Grubun tercih ettiği kısaltmayla, R on the B albümü, Baghdad Blues ve The Wedding Song gibi Türk dinleyicisinin kulağına çok tanıdık gelecek iki kayıt da içeren 9 parçadan oluşuyor. España ve Shir Avoda, Klein’in 2009’da kendi kendine verdiği 10 tane folk şarkısı besteleme ödevinden iki örnek. Folk şarkısı bestelemenin kendi içinde barındırdığı çelişkiye rağmen, Klein bu deneyimin kendisini Yahudi kökenlerine bağlayan müzikleri bulmasına yardımcı olduğuna inanıyor. Albümün son sırasındaki Neila, dini ayinlerde söylenen ‘El Nora Alila’ piyutundan (dini şarkı) esinlenmiş. 

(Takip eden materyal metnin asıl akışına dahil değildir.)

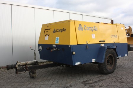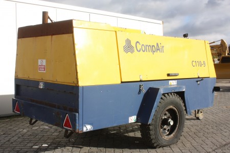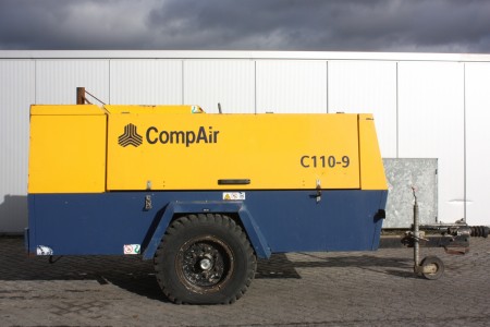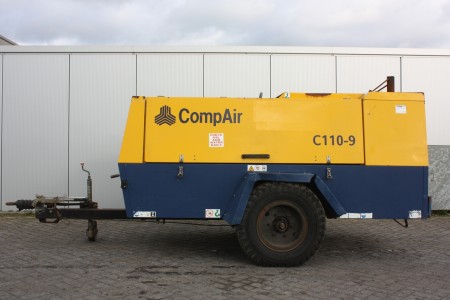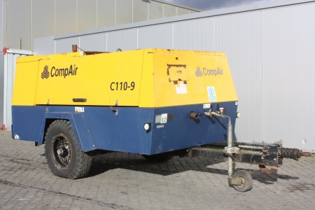 | Description | CompAir C110-9 mobile diesel air compressor, c/w Perkins engine, single axle fast tow, Air Volume Output 11.3 m3/min, max working pressure 9 bar, 4 air outlets. |

Klein albümünü şöyle anlatıyor: “R on the B, yaşamın çok katmanlı deneyimleri hakkında. Bu albümü yaparken bize ilham veren kavramlardan biri, basit ve keyifli gündelik yaşamla savaşın dehşetleri arasındaki gerilimlerin varlığı. Bu, albüme niçin bu adı verdiğimizi de açıklıyor: ben bu satırları yazarken bazılarımız roket atıyor, bazılarımız roketlere hedef oluyor ama bazılarımız da balkonda kapuçino keyfi yapıyor. Her ikisi de gerçek ve geçerli olan bu iki paralel realite, bu albümde iletmek istediğimizin anahtarını oluşturuyor.”

Umalım ki, hiç bir balkona roket düşmesin, onun yerine Omer Klein ve arkadaşları cazın farklılıkları zenginlik sayan âleminde, bir klişeyi biraz değiştirerek söyleyecek olursak, roket gibi albümler yapmayı sürdürsün.